Ray Diagram Explanation:
- Position the object at 2F on one side of the convex lens.
- A ray from the object, parallel to the principal axis, travels through the lower half of the lens and refracts through the focal point on the opposite side.
- A second ray, passing through the optical center, continues undeviated.
- These refracted rays converge beyond F and 2F on the opposite side, thereby forming the image.

Image Location: At 2F on the side opposite the object.
Image Characteristics: Real, inverted, and the same size as the object.

Observable Changes When Lens is Uncovered:
- The image's position, size, and nature remain unchanged.
- The image brightness diminishes due to reduced light transmission through the lens.

Rationale: Obscuring part of the lens only affects the quantity of light (intensity).

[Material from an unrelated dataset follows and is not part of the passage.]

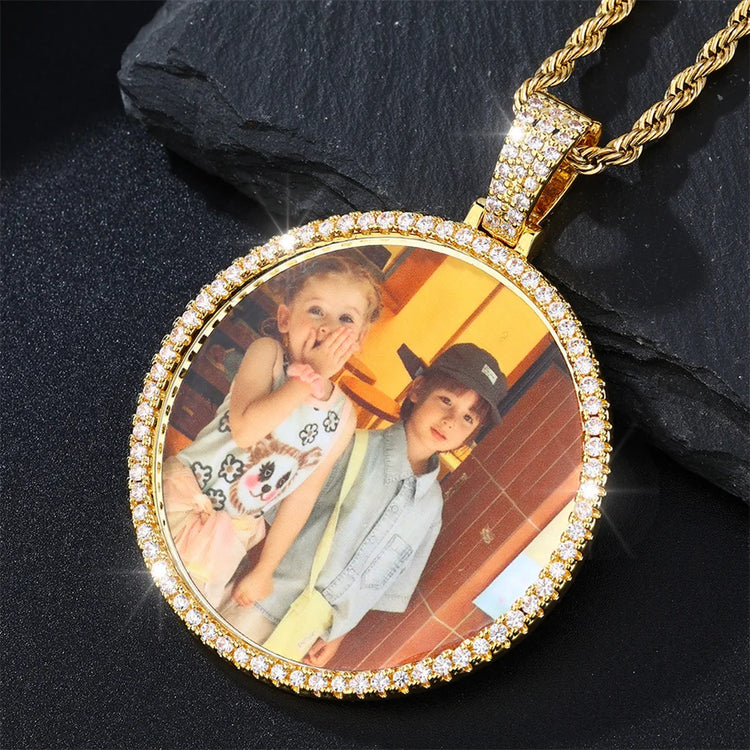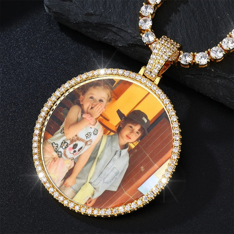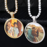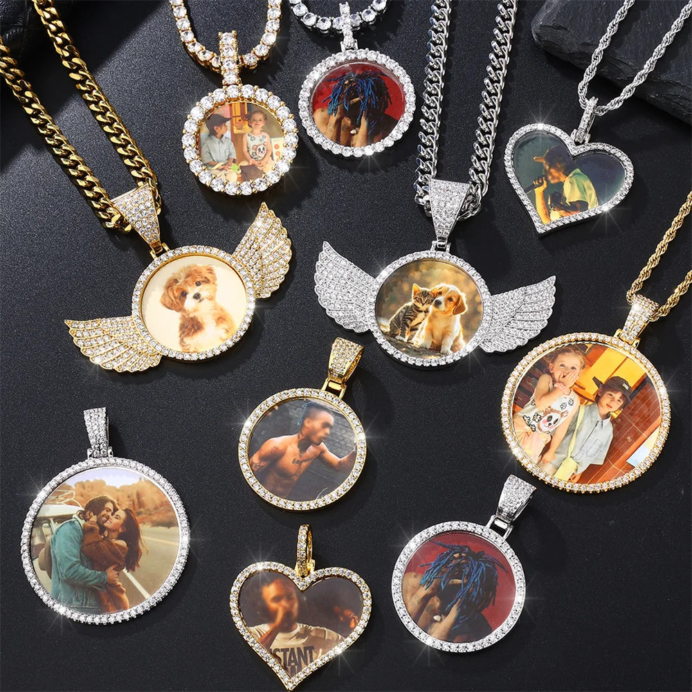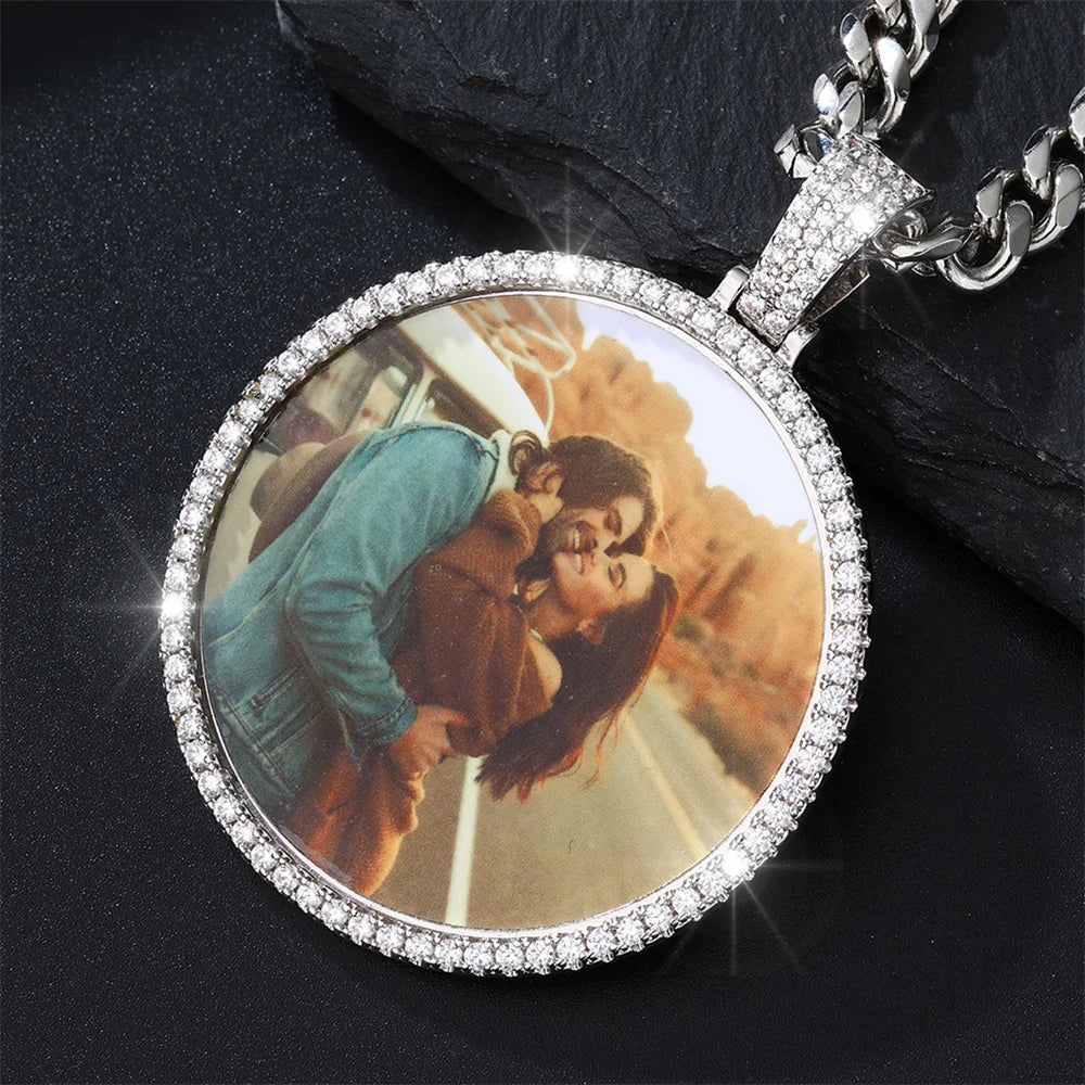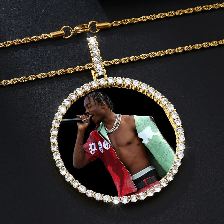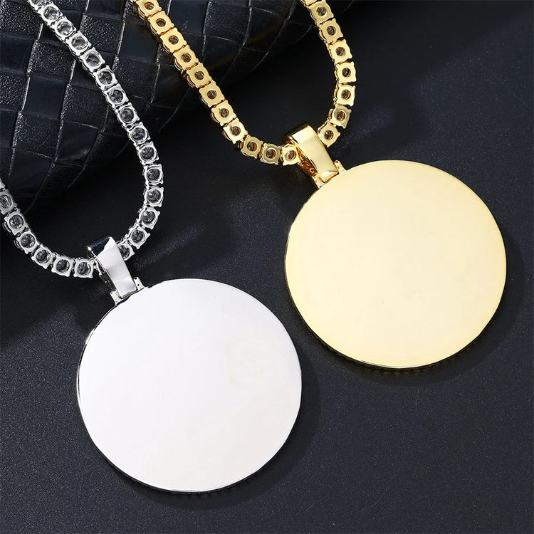 Hip Hop Custom Made Photo Iced Out Bling Cubic Zircon Round Necklace & Pendant For Men Jewelry With Tennis Chain

The unobstructed portion of the lens continues to refract light rays correctly to form a complete image.

(b) Determining Image Distance for a Concave Lens Using the Lens Formula
Given:
- Object distance (u) = -30 cm (object is to the left of the lens, hence negative)
- Focal length (f) = -15 cm (focal length is negative for a concave lens)

Lens Formula:
\[ \frac{1}{f} = \frac{1}{v} - \frac{1}{u} \]
Substituting the given values:
\[ \frac{1}{-15} = \frac{1}{v} - \frac{1}{-30} \]
\[ \frac{1}{-15} = \frac{1}{v} + \frac{1}{30} \]
Calculating the common denominator and solving for \( \frac{1}{v} \):
\[ \frac{1}{v} = \frac{1}{-15} - \frac{1}{30} = \frac{-2 - 1}{30} = \frac{-3}{30} = \frac{-1}{10} \]
Therefore, \[v = -10 \text{ cm}\]

Conclusion:
- Image Distance: 10 cm from the lens's optical center, on the same side as the object (resulting in a virtual and upright image).